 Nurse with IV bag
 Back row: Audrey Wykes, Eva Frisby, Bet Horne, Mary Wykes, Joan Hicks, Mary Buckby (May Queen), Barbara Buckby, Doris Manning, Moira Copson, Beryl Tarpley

□ □ □ □ □ □ □

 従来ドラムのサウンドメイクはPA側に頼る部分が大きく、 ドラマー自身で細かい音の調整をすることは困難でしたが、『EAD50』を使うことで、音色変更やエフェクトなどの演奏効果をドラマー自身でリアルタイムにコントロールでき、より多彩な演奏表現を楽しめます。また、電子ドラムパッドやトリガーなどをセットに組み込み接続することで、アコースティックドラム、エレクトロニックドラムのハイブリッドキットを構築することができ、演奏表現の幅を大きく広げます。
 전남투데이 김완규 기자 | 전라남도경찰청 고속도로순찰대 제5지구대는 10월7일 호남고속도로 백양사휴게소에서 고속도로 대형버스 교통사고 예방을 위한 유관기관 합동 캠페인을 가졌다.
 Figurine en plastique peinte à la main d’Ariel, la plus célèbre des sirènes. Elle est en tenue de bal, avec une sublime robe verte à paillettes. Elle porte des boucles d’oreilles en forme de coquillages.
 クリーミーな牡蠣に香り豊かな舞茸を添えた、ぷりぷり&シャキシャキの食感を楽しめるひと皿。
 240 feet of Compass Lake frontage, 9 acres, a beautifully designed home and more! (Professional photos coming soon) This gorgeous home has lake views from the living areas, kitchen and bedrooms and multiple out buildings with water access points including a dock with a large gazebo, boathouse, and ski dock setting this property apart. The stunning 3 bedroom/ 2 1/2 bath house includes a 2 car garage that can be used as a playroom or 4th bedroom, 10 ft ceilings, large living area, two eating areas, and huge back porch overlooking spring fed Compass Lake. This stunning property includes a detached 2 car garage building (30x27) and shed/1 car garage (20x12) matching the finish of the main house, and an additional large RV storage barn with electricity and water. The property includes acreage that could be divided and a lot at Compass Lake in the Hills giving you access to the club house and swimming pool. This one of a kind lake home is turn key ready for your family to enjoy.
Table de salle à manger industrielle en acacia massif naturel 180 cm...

□ □ □ □ □ □ □

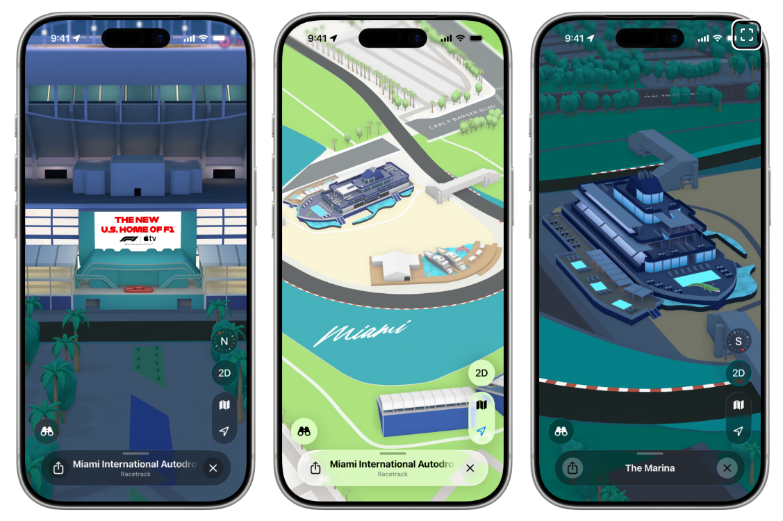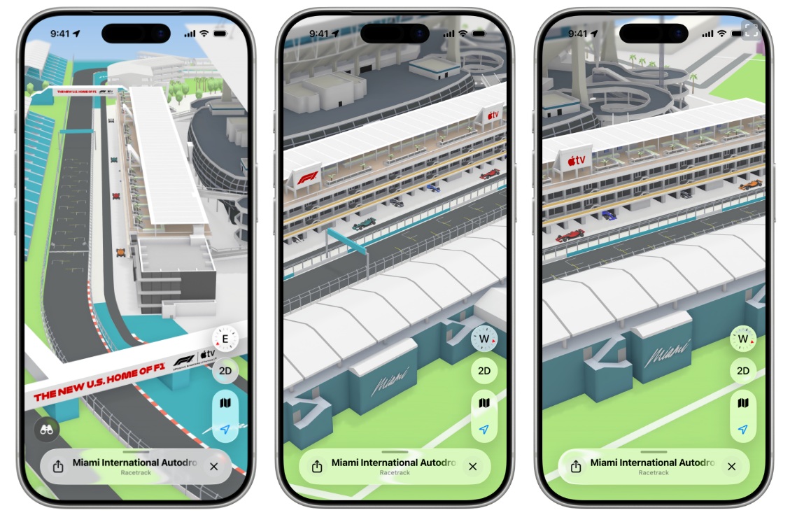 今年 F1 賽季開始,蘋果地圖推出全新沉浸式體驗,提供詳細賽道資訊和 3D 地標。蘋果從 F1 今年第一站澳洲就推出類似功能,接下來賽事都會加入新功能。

□ □ □ □ □ □ □

PROBLEM TO WORK ON:
Using the data above, reproduce exactly the lines between those holding "Figurine en plastique" and "クリーミーな牡蠣に香り豊かな", inclusive, and no others.

WRITTEN ANSWER:
 Figurine en plastique peinte à la main d’Ariel, la plus célèbre des sirènes. Elle est en tenue de bal, avec une sublime robe verte à paillettes. Elle porte des boucles d’oreilles en forme de coquillages.
 クリーミーな牡蠣に香り豊かな舞茸を添えた、ぷりぷり&シャキシャキの食感を楽しめるひと皿。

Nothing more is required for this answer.